Sure, I’ve met lots of successful people who are highly motivated by compensation: CEOs who pump up the perceived value of their company to sell it, hedge fund managers who destroy companies for short-term gain, investment bankers who get their clients to acquire companies they shouldn’t to earn big fees, consultants who sell their clients work that they don’t need, and me-first athletes who poison their teams.

But none are the kind of top-end talent who make their organization great for a sustained period.

Martin condenses his career’s worth of experience with the question, “What Do High Performers Want?” (my words, not his) into three precepts:

  • Treat them as individuals, not members of a group
  • Provide continuous opportunity, and
  • Pat them on the back.

You might think (I admit I was tempted….) that telling senior partners or practice group leaders or members of your executive committee that being part of such an exalted group is their reward, but they actually want more; they want you to treat them as specific, distinct, unique individuals. Martin gives the example of an executive sufficiently senior to be entitled to unlimited paternity leave who asks for permission to take same and Martin replies—mistakenly, he later rues—that “sure, because you’re a Global Account Manager, at that level you can do it.” His GAM friend proceeds to walk off, “sullen.”

What gives? Didn’t the guy get exactly what he was asking for? Yes, but. Martin should have said, but did not, “of course, Rupert, if paternity leave is something important to you, by all means you have our full support.” Identical result, very different message.

Opportunity. You may have encountered this dealing with the supposedly inscrutable Millennial’s. They want to take on ever-increasing challenges, and right now, please. If you can’t satisfy that, they’re out the door. But of course, this has never been and hopefully never will be true only of Millennial’s. (I confess I switched firms as a baby associate for precisely that reason.)
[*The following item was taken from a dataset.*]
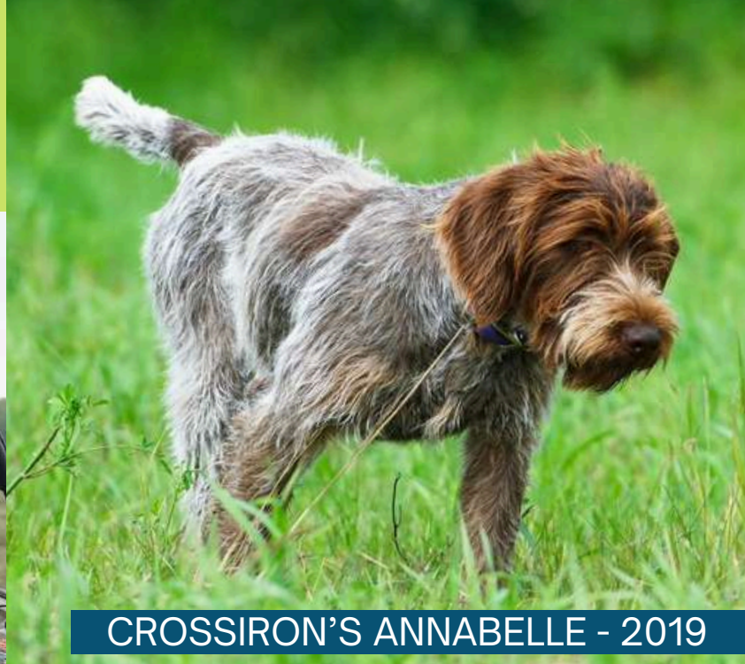
CROSSIRON'S ANNABELLE - 2019

Of course this isn’t a counsel of professional irresponsibility on your part. The juniors you favor with challenges have to be up to it at with some plausible degree of confidence, and you will be careful only to do it in circumstances where they’re provided a preferably-subtle safety net. But do it you had better, at peril of losing a high-performer-in-the-making to your competitor down the street.

Finally, praise and pats on the back. I have never forgotten the power of this in my own career, despite the episode I’m about to share with you having taken place over two decades ago. A more senior associate and I had just finished—with outstanding results—a months-long, complex, multifaceted matter where our client was universally acknowledged to be extremely difficult, and what did the senior partner who’d been in charge for those many months do? Told us to show up late to the office the next morning and he’d take us all to a lovely sushi restaurant. Unforgettable.

The lunch may have cost the firm $150, but it was an invaluable reward.